Why Apple's Geniuses seem so glad to accept lower pay | Cult of Mac

Why Apple’s Geniuses seem so glad to accept lower pay


Apple store
Apple Store employees are partially compensated with intangible benefits.
Photo: Apple

Anyone who frequents Apple retail stores knows they can always count on knowledgeable and sympathetic help from an employee. One might assume that Apple retains such people with high salaries. Nope.

Instead, the Geniuses — as some employees of Apple Stores are famously called — work there because they are a select few who believe they are helping customers by selling them Macs, iPhones, etc.

It’s hard to get a job at an Apple Store

Sales commissions are standard in retail, but not at the Apple Store. This means that employees are there to assist customers, not just sell them products. But the other side of the coin is that Apple salespeople are paid below industry averages, according to The Guardian.

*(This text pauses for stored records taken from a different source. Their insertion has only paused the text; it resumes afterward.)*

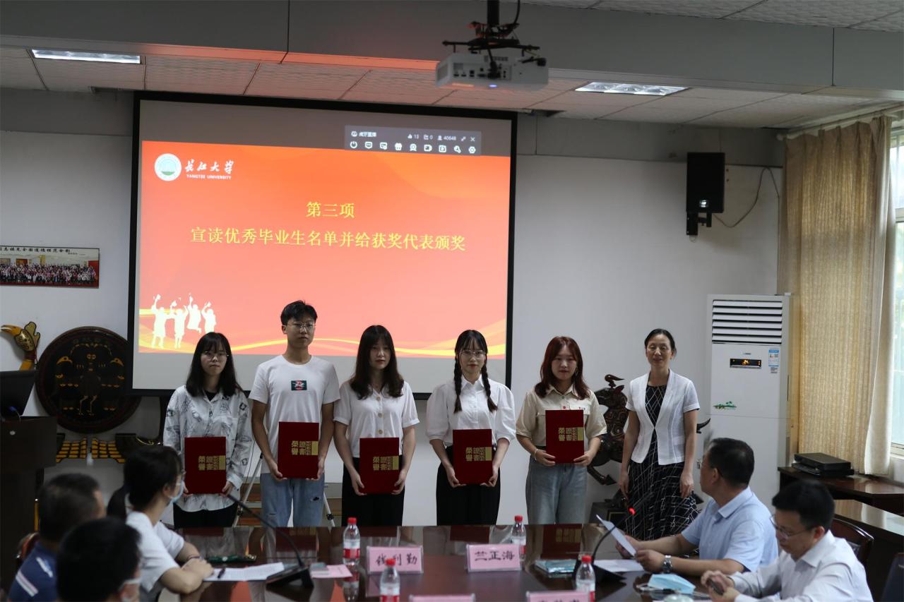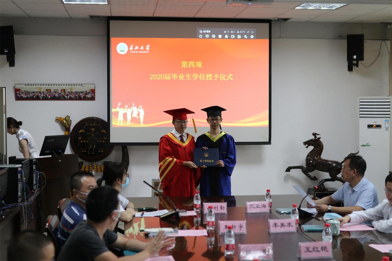 典礼在奏唱国歌中拉开帷幕。副院长吕志鹏通报关于2020届学生毕业资格及学位授予资格审核情况,副院长李美求宣读49名优秀毕业生表彰文件,党委书记王红艳为优秀毕业生代表颁奖,院长管锋代表全院师生致辞。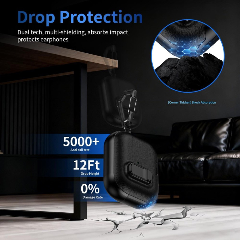 Capa de proteção robusto para AirPods Pro 3 com suporte integrado. Design elegante em dois tons com textura de pele de pêssego, prática argola de fecho e mosquetão incluídos. Proteção completa contra choques, riscos e pó.
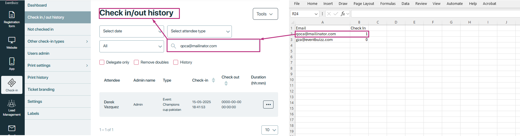 The History checkbox filter provides organisers with the option to include deleted records from past check-in/out activities in the listing, offering a more comprehensive and transparent view of each attendee’s full history. When this filter is enabled, entries that were previously removed—whether due to error corrections, duplicates, or manual deletions—are restored for viewing purposes. This feature is especially valuable for audit trails, internal reviews, or post-event analysis, as it ensures that no data is permanently hidden and all actions taken on attendee records can be tracked. By giving organisers access to the complete historical log, including both active and deleted entries, the History filter enhances accountability, supports accurate reporting, and strengthens event data integrity.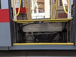 GCRTA's S200 vehicles will include steps at the front and back doors for boarding and alighting at street-level light rail stations and stops. These doors will also have manually operated trapdoors for use on the Red Line, which exclusively uses high-level platforms.[21] The introduction of S200 LRVs for the Red Line will require modifications at Red Line stations, as the S200 cars are narrower than the existing Tokyu trains.[22]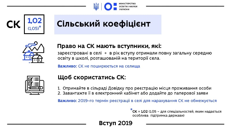 Так, претендувати на сільський коефіцієнт (СК) можуть ті, хто в рік вступу закінчили школу на території села й зареєстровані в селі. СК дорівнює 1,02 для всіх таких вступників, а також 1,05 для вступників на спеціальності, яким надається особлива державна підтримка.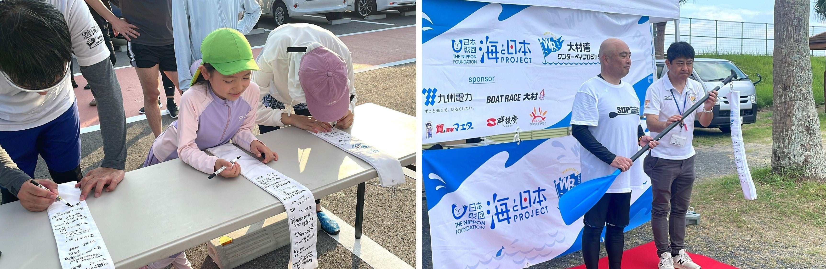 90分間SUPを楽しんだ参加者たち。みんな「楽しかった!」と笑顔で陸に戻ってきました。戻ってきた参加者から順番に、タスキにメッセージを書き込んでもらいます。「大村湾最高!」「もっと大村湾について知りたい!」「海を守る!」「きれいな海を未来に!」「SUP楽しかった!」など思い思いに綴り、イベント終了時には、3本のタスキがメッセージでいっぱいになりました。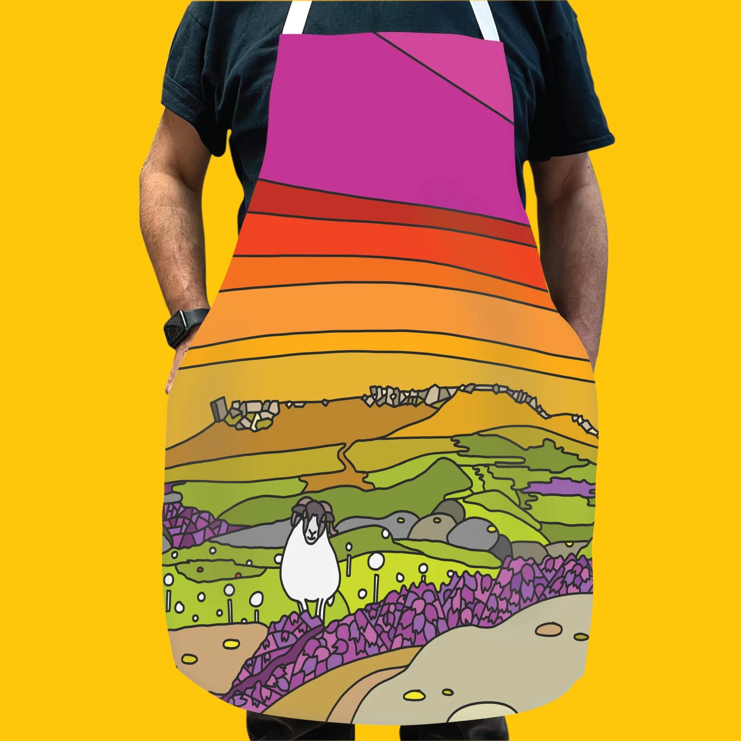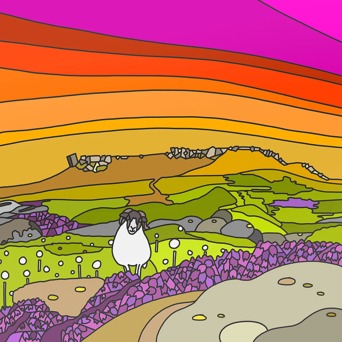 Showing a vibrant sunset over the Peak, this pen drawing features the moorland heather, black faced sheep and the distinctive leaning block of the Higgar Tor crag, favoured by local climbers and the annual spectacle that is the cotton grass (bog cotton) around the Peak District.

People apparently take these jobs because Apple gives them nontangible rewards. According to Ron Johnson, who pioneered the Apple Store as SVP of Retail operations, one of these rewards is respect.  In 2011, he told the Harvard Business Review:

“Getting a job on the sales floor at Apple today requires six to eight interviews, including with the person who runs the entire local market. One result of that intensive process is that when people are hired, they feel honored to be on the team, and the team respects them from day one because they’ve made it through the gauntlet. That’s very different from trying to find somebody at the lowest cost who’s available on Saturdays from 8 to 12.”

New hires start their first day of work with a round of applause from the other employees for successfully passing the gauntlet of interviews.

Always helpful

Apple’s salespeople are trained to be helpful and sympathetic, which is what most customers are looking for. Again, because they aren’t paid on commission, their goal is to assist people, not sell them products.

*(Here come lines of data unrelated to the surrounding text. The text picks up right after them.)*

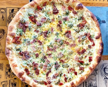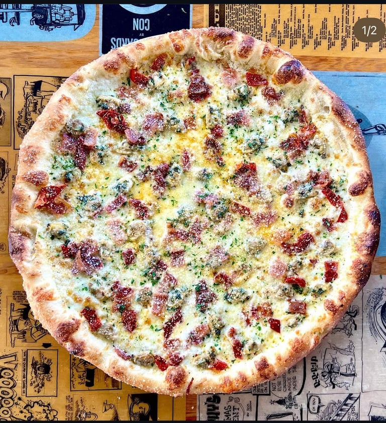 Baby clams, bacon, calabrian chili, white sauce, mozzarella, garlic, parmesan, parsley, lemon
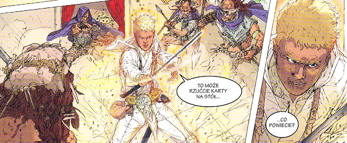 Przede wszystkim drugi tom „Białego Piasku” to tom pośredni. I to tak typowo. Niby do czegoś prowadzi, coś tam uzupełnia, wyjaśnia funkcjonowanie niektórych aspektów świata, ale fabuła praktycznie stoi w miejscu. Jest trochę akcji, przekomarzania, poznania bohaterów – z tym, że mało co z tego służy fabule, większość właściwie to furtki dla bocznych wątków. Czy zbędnych? Następny tom być może pokaże. Na razie nie zawsze potrzebnych.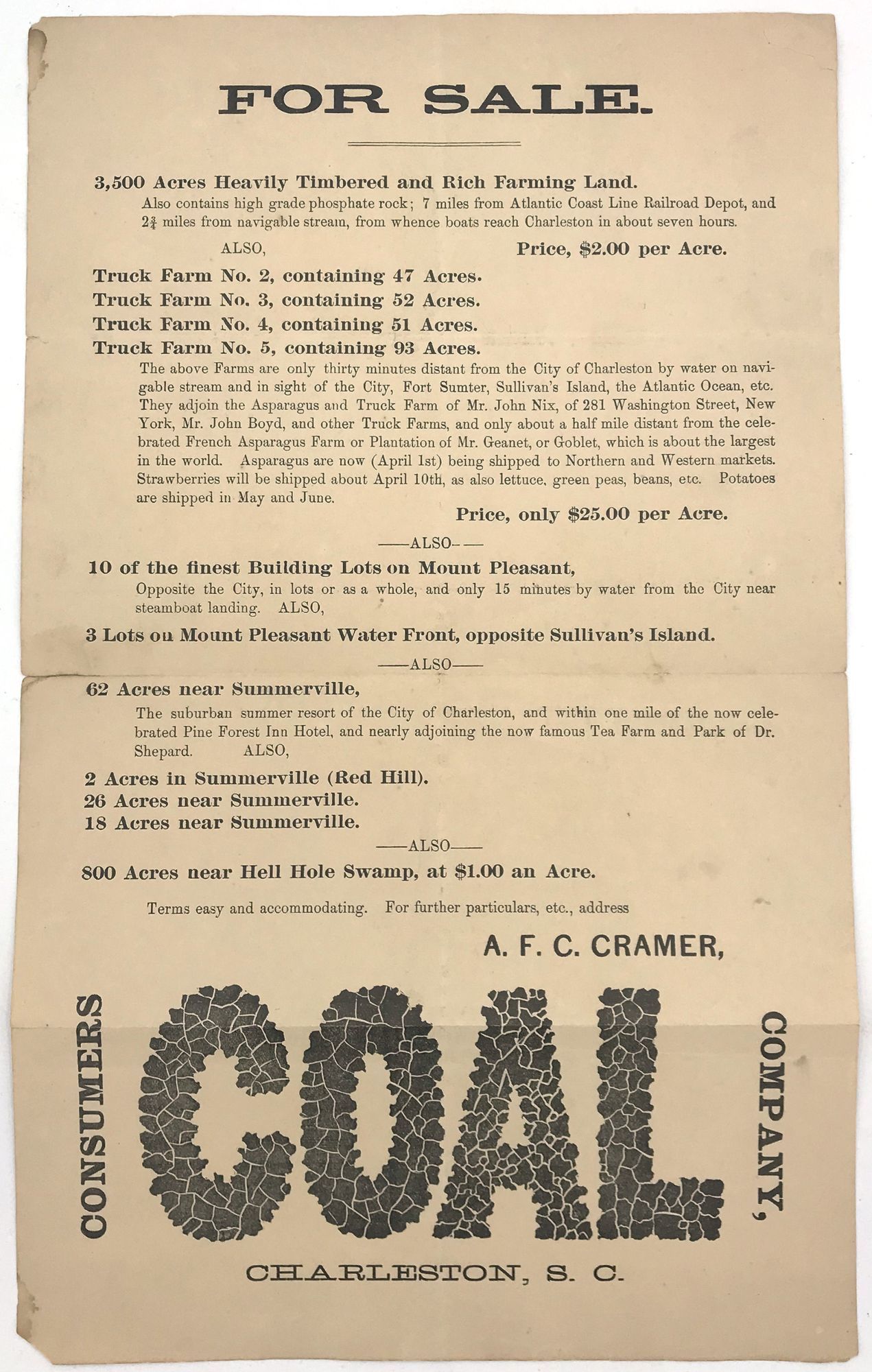 Charleston, South Carolina: Consumers Coal Company, 1890. Very good to fine. Letter folds. 1-inch short tear to left-hand margin.. Printed broadside advertising large swaths of farm land for sale in South Carolina by Consumers Coal Company, with a quirky typographical inclusion: the word "coal" has been designed out of small coal-like black shapes. Prices for parcels ranged from $2 to $25 per acre.

As a result, people can go into an Apple Store with a malfunctioning computer knowing that it’ll be fixed if that’s feasible, and they won’t automatically be steered into buying a new one.

While CEO Tim Cook is the public face of the company, almost no Apple customers will ever meet him. They will meet Josh at their local Apple Store, though, and if he’s helpful and not pushy then the customer will likely go away happy.

A happy customer today is one who’ll probably buy another Apple product in the future. And that’s the whole goal.  Apple is running a business, after all.